Managing Side Effects

After surgery or while you are undergoing immunotherapy, targeted therapy, chemotherapy, and/or radiation therapy, you may experience side effects.

Side effects vary in severity and duration from person to person and are dependent on the type of treatment. Often the most severe side effects occur in the early days of treatment and gradually subside as your body adjusts to treatment but some side effects can remain. Sometimes it can be difficult to distinguish between side effects caused by treatment and the progression of melanoma so it is important to report all side effects to your treating clinician.

Asymptomatic side effects are those that not produce obvious symptoms that you can feel. These side effects can decrease white blood cell production, cause elevations in liver enzymes, or changes in kidney function. Left untreated, these effects can cause serious symptoms and conditions.
Asymptomatic side effects are detected and monitored by blood tests. Depending on your treatment, you will receive regular blood tests for liver function, kidney function, and/or blood cell counts. Abnormal test results may indicate a need to treat your side effects or change your cancer treatment.

Symptomatic Side Effects cause symptoms that you can feel. You should report all symptoms to your treating clinician so they can be addressed and because if left untreated they could result in serious conditions.

Common Side Effects


Lymphoedema is the build-up of excessive amounts of fluid resulting in swelling of parts of the body. It can be caused by the surgical removal of lymph nodes or radiation to lymph nodes which results in an obstruction to the flow of lymph fluid.
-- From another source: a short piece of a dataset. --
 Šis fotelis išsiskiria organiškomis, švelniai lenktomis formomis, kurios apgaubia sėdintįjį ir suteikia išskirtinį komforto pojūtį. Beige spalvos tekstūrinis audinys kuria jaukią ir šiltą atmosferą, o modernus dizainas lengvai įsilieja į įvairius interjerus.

Lymph nodes are located in the armpits, groin, abdomen, chest and neck. Their purpose is to filter out harmful bacteria and assist in the body’s response to infection.

Lymphoedema may present at any stage after surgery or radiation with symptoms including ache, heaviness, tightness or swelling of the limb involved. The progress is usually gradual with an increase in swelling and symptoms in the affected limb or body part. Removal of lymph nodes from one area may result in swelling in the limb or body part closest to that area (armpit node removal may affect the arm closest) . For those who develop Lymphoedema, early detection and interventions are essential in minimising its impact. Risk factors for developing swelling include infection, higher body mass index (being overweight or obese) and immobility (lack of use). Not everyone who has lymph node treatment develops lymphoedema.
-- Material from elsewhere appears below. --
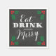 Add a personalised touch to your holiday dinner with festive "Eat, Drink, and Be Merry" paper napkins. The paper napkins feature elegant typography, red and green holly berries, and a rustic chalkboard background. Text can be added to the design by clicking on the Customise It button.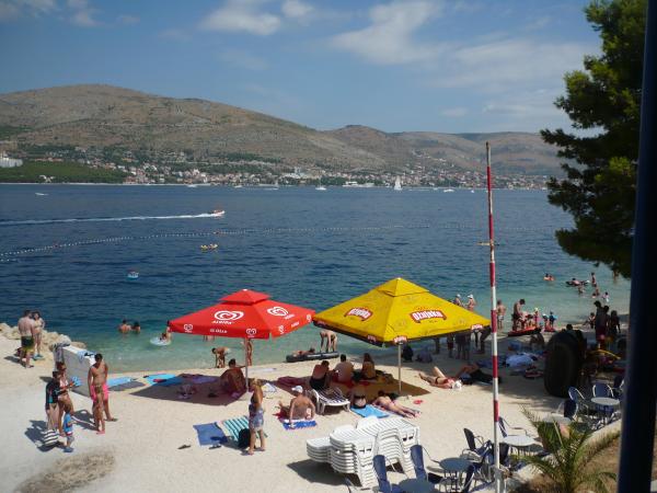 Izvrsno opremljen (sve uključeno u cijenu, kao i boravišna pristojba), prostrani, Apartman Gizella, u prizemlju obiteljske kuće, sa terasom, dvorištem i parkingom, svojim položajem nudi miran, opuštajući obiteljski odmor u sjeni stabala naranči, limuna, mandarina i prekrasne borove šume, koja se nadvila nad kristalno čistim morem, uz mogućnost šetnji i bicikliranja pored maslinika i mediteranskog ljekovitog bilja. Jedini ste gosti u objektu i imate poseban ulaz. Šljunčane, stjenovite i betonske plaže, sa parkingom, prodavnica, kafići, restoran, fast food, dječje i sportsko igralište, autobus i bankomat su na pet- šest minuta hoda. U isto vrijeme, na samo 8 km, mostovima povezan drevni grad Trogir, pod zaštitom UNESCO-a, blizina nacionalnog parka Krka, otoka Šolte i Brača, nude dinamične izlete i provod. Blizina aerodroma olakšava vam dolazak i moguć je dogovor za transfer. Mjesto je malo, mirno i prelijepo. Ljubazno vas očekujemo uz piće dobrodošlice

Ways to Manage Lymphoedema:

  • massage (manual lymphatic drainage),
  • exercise
  • skincare
  • compression therapy (bandaging and/or compression garments)
  • low level laser therapy
  • other electrical or vibratory stimulation.

The treatment plan may include a combination of these methods. One of the most important components of lymphoedema treatment is self-management of this often chronic condition, in partnership with the treating medical or allied health professional. To assist in reducing the load on a compromised lymphatic system it is advisable to maintain a healthy weight, take good care of your skin by avoiding trauma and infection, participate in regular physical activity, seeking health professional advice before starting a new activity, monitor your limb regularly for change in size and feel and, most importantly, seek advice if you are concerned.
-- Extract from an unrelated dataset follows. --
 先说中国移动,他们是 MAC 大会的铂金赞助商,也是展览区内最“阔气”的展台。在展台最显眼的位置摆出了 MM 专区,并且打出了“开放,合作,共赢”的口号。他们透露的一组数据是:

Visit the Australian Lymphology Association website

Visit The National Lymphoedema Practitioners Register of The Australian Lymphology Association website


It is common for those being treated for melanoma with treatments such as immunotherapy, chemotherapy, and radiation therapy to experience fatigue.

You may notice a feeling of intense tiredness or weakness that’s not usually relieved by rest or sleep. Fatigue is usually temporary however if it persists it may be due to something other than the treatment such as anemia. Anemia is caused by having too few red blood cells in the bloodstream resulting in reduced oxygen to tissues and organs. It is treatable by blood transfusion, iron replacement, or hormones that stimulate red cell production.

Ways to Manage Fatigue:

Activities and Rest:

  • Keep a “fatigue diary” to monitor your patterns of fatigue. This will help you plan your activities for the time of day when you have the most energy.
  • Plan your activities for the day to include regular periods of rest and some activities you enjoy.
  • Find ways to save your energy — prepare meals sitting down instead of standing.
  • Limit trips up and down the stairs. Ask someone to help with any physical tasks.
  • Try to maintain rhythm in your movements as this helps save energy.
  • Plan a short period of light activity each day, such as a walk or a stroll. You may actually feel more tired if you are completely inactive.
  • Rest your eyes periodically.

Shape your Environment:

  • Work in a well-ventilated and well-lit room.
  • Arrange your environment to minimize bending or reaching.
  • If the room is hot or humid, lower your pace.
  • Use music for relaxation or stimulation.

Nutrition and Fluids:

  • Eat a balanced diet with an emphasis on complex carbohydrates such as dried beans and peas, whole-grain breads and cereal, oatmeal, polenta, brown rice, vegetables, and whole-grain pastas. Complex carbohydrates provide long-lasting energy as well as important vitamins and minerals.
  • Drink at least 8 glasses of fluids a day, unless restricted by your doctor. This will help flush out the by-products of cell destruction that may cause fatigue.
  • Avoid foods and beverages that contain caffeine, especially in the evening.